5. You need to be reassured of everything.
This one is a little tricky for me, as someone who suffers from some pretty bad anxiety. I do ask for a lot of reassurances of certain things. Even still, this isn’t an everyday thing – just on the days when my anxiety is particularly bad. If you find yourself questioning your relationship every day, this is not a good sign, and your partner is quite likely to grow tired of it – sooner, rather than later.
It’s normal to question things every now and then, of course, particularly whenever you make a big new step. But once your partner has given you that reassurance, that should be the end of it. She is under no obligation to continually set your mind at ease. She shouldn’t be doing things that make you question everything, of course, but it’s important to realize which questions are reasonable and which are completely built on made-up scenarios.
The hard part here is that, sometimes, reassurance is necessary. If your partner routinely disappears and leaves you wondering where she is, it’s normal that you’d ask extra questions. But if this happens all the time, even after you’ve let your partner know that it bothers you, it’s possible that there is actually a problem there – and your partner’s reassurances are basically worthless anyway.
6. You encourage your partner to fail.
This one is often very subtle, but it is present in those who have a lot of insecurities. In a healthy relationship, the partners will motivate each other to reach their goals and then exceed their own expectations. But in an unhealthy relationship, you might not want your partner to be doing better in life than you – so you make sure to sabotage any of their efforts to improve their own lives.
This seems like it’s malicious – after all, who doesn’t want their partner to have a great life? But for those who are prone to insecurities, there may be a belief that their partner doing better in life would cause them to walk away from the person who just can’t seem to keep up. Instead of working to improve themselves, insecure women might try to keep their partners from finding success.
This is extremely damaging to both people involved, as it is (in some ways) a form of abuse. You should be lifting your partner up – not bringing them down. If your partner does end up leaving you when she is “better than you”, she’s not someone you need to be with in the first place. Anyone who would leave their partner instead of motivating them to improve their lives is basically a jerk. No exceptions.

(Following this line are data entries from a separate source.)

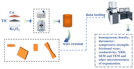 The flow of experiment and test analysis is shown in Figure 3. A QM-QX4 planetary high-energy ball mill was used, with a set rotational speed of 400 r/min and a time of 6 h. The mixed composite powders were transferred to ZT-40-20Y vacuum hot-pressing sintering furnace, with a set heating rate of 10°/min, a target temperature of 850 ℃, a load of 50 MPa, and an insulating pressure holding time of 1 h. The target specimens were obtained after sintering. The specimen was processed into standard size according to the test requirements using a wire cutter, and the surface of the specimen was polished to a flat and smooth surface with the help of sandpaper and YM-2A polishing machine. The composition of the corrosion solution: a mixture of dilute hydrochloric acid and dilute nitric acid. Finally, the friction coefficient, hardness, density, compression properties and electrical conductivity of the composites were tested and analyzed by MMW-1 friction and wear tester, HR-150A Rockwell hardness tester, ML204T/02 density analyzing balance, CMT5105 universal tester, and ST2263 vortex conductivity tester; and D8 ADVANCE X-ray diffractometer and metallurgical microscope were used, D8 ADVANCE X-ray diffractometer, metallurgical microscope, NOVA NANOSEM 230 Field Emission Scanning Electron Microscope, Tecnai G2 F30 Transmission Electron Microscope (TEM: FEI Company, Columbia, MD, USA)and other instruments to test and analyze the composite powder and material for elemental species and micro-morphology.
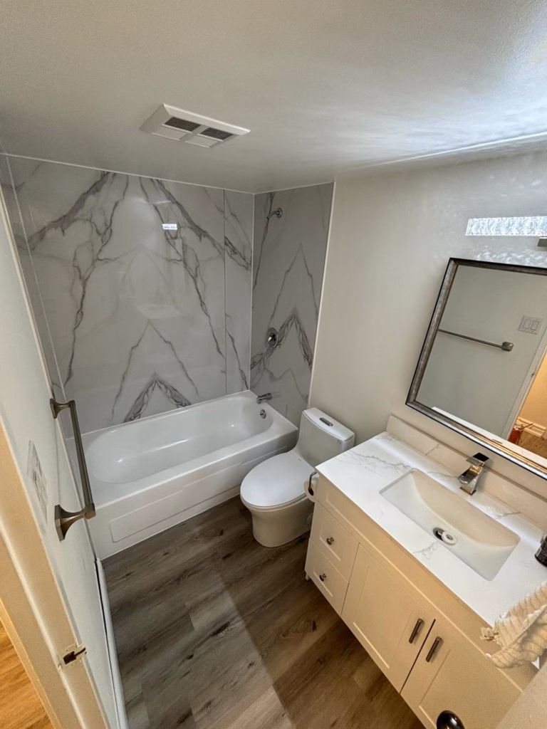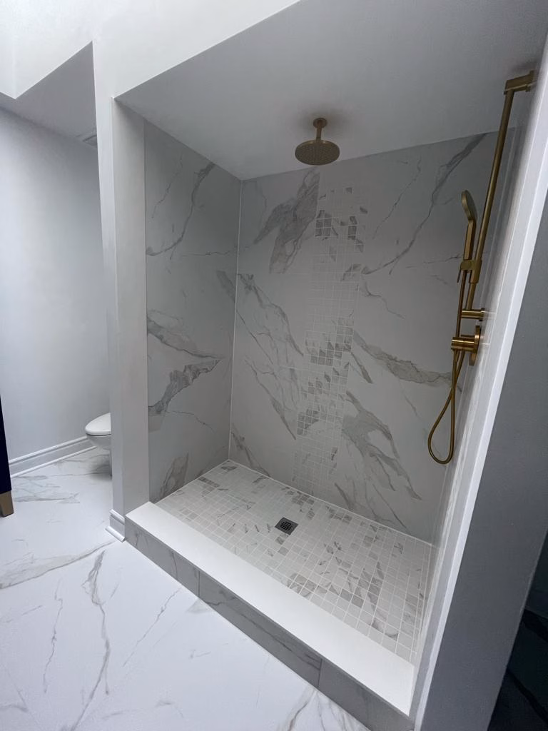 Luxury vinyl or porcelain tile flooring that’s waterproof, durable, and easy to clean — built to last in busy bathrooms.
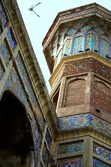 The eastern and western facades of the structure are decorated by two-storey Timurid-style iwans flanked by two levels of alcoves in a style typical of the Shah Jehan period of Mughal architecture. The building was once covered in intricate blue and green kashi kari (or Kashan-style) tile work and frescoes. The 'aiwans' are embellished with muqarnas, which were first introduced into the Mughal Empire from Persia with construction of Lahore's Wazir Khan Mosque.[2]

7. You are full of accusations.
I have known a lot of women who berate their partners and accuse them of cheating when they are not, in fact, cheaters. I’ve even lost some friends on Facebook when I spoke out against a friend who posted a meme about how “only good girlfriends worry about who their significant other” is talking to. No. Your partner is allowed to have friends – it doesn’t automatically mean she’s sleeping with those friends.
This is a pretty slippery slope, too. We may think that it’s a trust problem from being cheated on in a previous relationship, but sometimes it’s a lot worse than that. Constant accusations of cheating, more often than not, are because you don’t think you’re good enough for your partner – whether it’s all in your head, or it’s because your partner tells you you’re not good enough. (Note: If it’s the latter, leave her – she is not a good girlfriend.)
The sad thing about this is that your partner will probably feel guilty about any thoughts of leaving you, and may stay with you just to prove that your insecurities were invalid. That might sound like it’s exactly what you want, but most cheating occurs when someone feels pressured to stay in a relationship that’s not right for them – so your constant accusations of her cheating might actually make her cheat for real. Be warned!